Current Distribution Characteristics of Armature-Rail Interface under Velocity Skin Effect and Contact Resistance
Wang Zengji1,2, Chen Lixue1,2, You Penghao1,2, Lan Xinyu1,2, Ge Yifan3
1. State Key Laboratory of Advanced Electromagnetic Engineering and Technology School of Electrical and Electronic Engineering Huazhong University of Science and Technology Wuhan 430074 China; 2. Key Laboratory of Pulsed Power Technology Ministry of Education Huazhong University of Science and Technology Wuhan 430074 China; 3. Wuhan Institute of Technology Wuhan 430205 China
Abstract:In this paper, the current distribution of railgun is calculated by finite element method. In this paper, according to the different factors in the model, three models are established: the velocity skin effect model, the contact resistance model and the composite model. Firstly, by setting up the coordinate system on the armature and adding the velocity term to the Maxwell equations, the velocity skin effect caused by the armature motion is calculated.
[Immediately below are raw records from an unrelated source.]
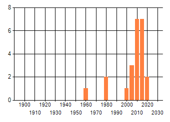 Het aantal atlasblokken (5x5 km) waarin de soort is gemeld binnen een periode van vijf jaar (vanaf 1980) of twintig jaar. Niet gecorrigeerd voor waarnemersinspanning en het aantal doorgegeven waarnemingen kan sterk variëren per periode, dus een trend in verspreiding kan hier niet direct uit worden afgelezen. Het opgegeven jaartal is het eerste jaar van de periode. Bron: gevalideerde waarnemingen uit de NDFF.
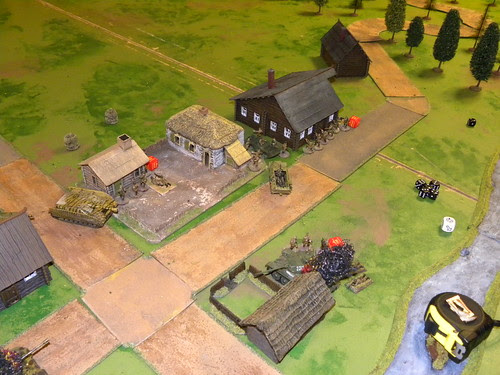 Po pierwsze, przygotowałem zbyt dużą grę jak na pierwszy raz dla co niektórych. Wyjaśnianie zasad nowicjuszom zabierało bardzo dużo czasu. Kilka innych osób w klubie jest również zainteresowana systemem, więc dla nich przygotuję znacznie mniejszą grę. Ze względu na rozmiar gry, udało nam sie dotrzeć do 8 rundy, kiedy sytuacja stała się naprawdę bardzo ciekawa. Wszystkie oddziały niemieckie były już na stole i zajmowały połowę wsi, gdy tymczasem sowieckie posiłki właśnie przybyły, lub miały przybyć w następnej turze (miałem zamiar puścić moje trzy T34/85 z tyłu Panthery i zaatakować ten czołg od tyłu). Uznaliśmy, że gra zakończyła się remisem, ponieważ jeszcze wszystko mogło się zdarzyć. Z całej gry jestem bardzo zadowolony i mam nadzieję, że reszta graczy również.
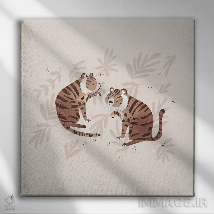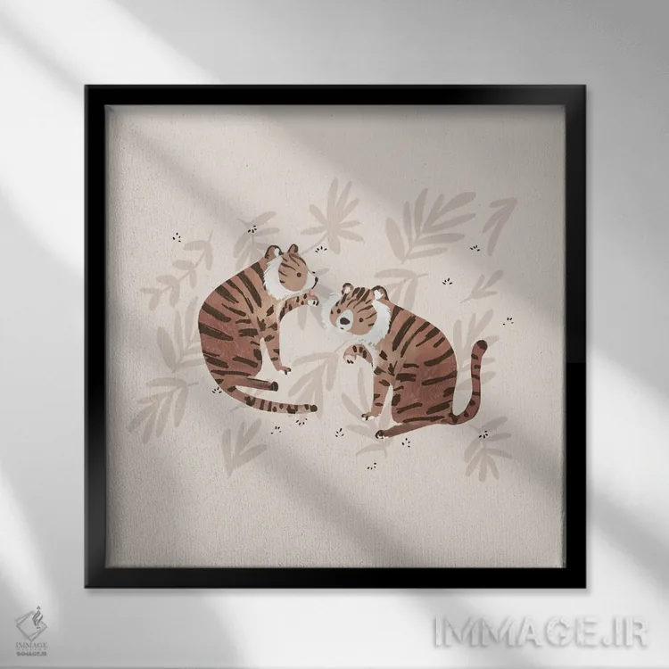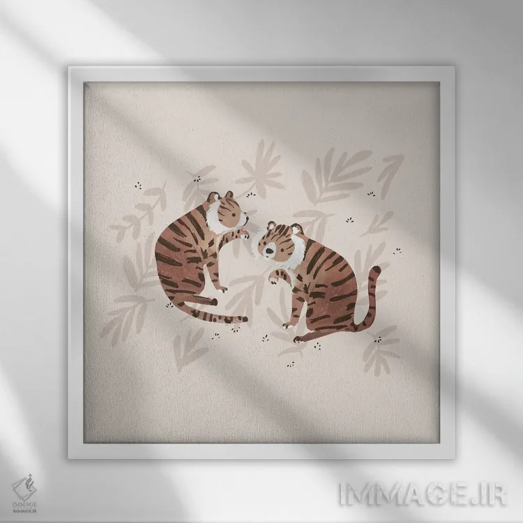 تابلو دو ببر اثر برنادت اوربانویک - نمای قاب‌دار سفید

Secondly, the rough surface characteristics of armature and rail and the contact pressure between armature and rail are considered in the contact resistance model. Finally, a composite model is established by combining above models. By comparing and analyzing the current distribution characteristics of each model on the armature-rail interface, this paper shows that the composite model is the most accurate. It is shown that the velocity skin effect and contact resistance are the key factors affecting the performance of electromagnetic railgun.
王增基, 陈立学, 尤彭昊, 兰昕宇, 葛一凡. 考虑速度趋肤效应与接触电阻影响的枢轨界面电流分布特性[J]. 电工技术学报, 2022, 37(19): 5003-5010.
Wang Zengji, Chen Lixue, You Penghao, Lan Xinyu, Ge Yifan. Current Distribution Characteristics of Armature-Rail Interface under Velocity Skin Effect and Contact Resistance. Transactions of China Electrotechnical Society, 2022, 37(19): 5003-5010.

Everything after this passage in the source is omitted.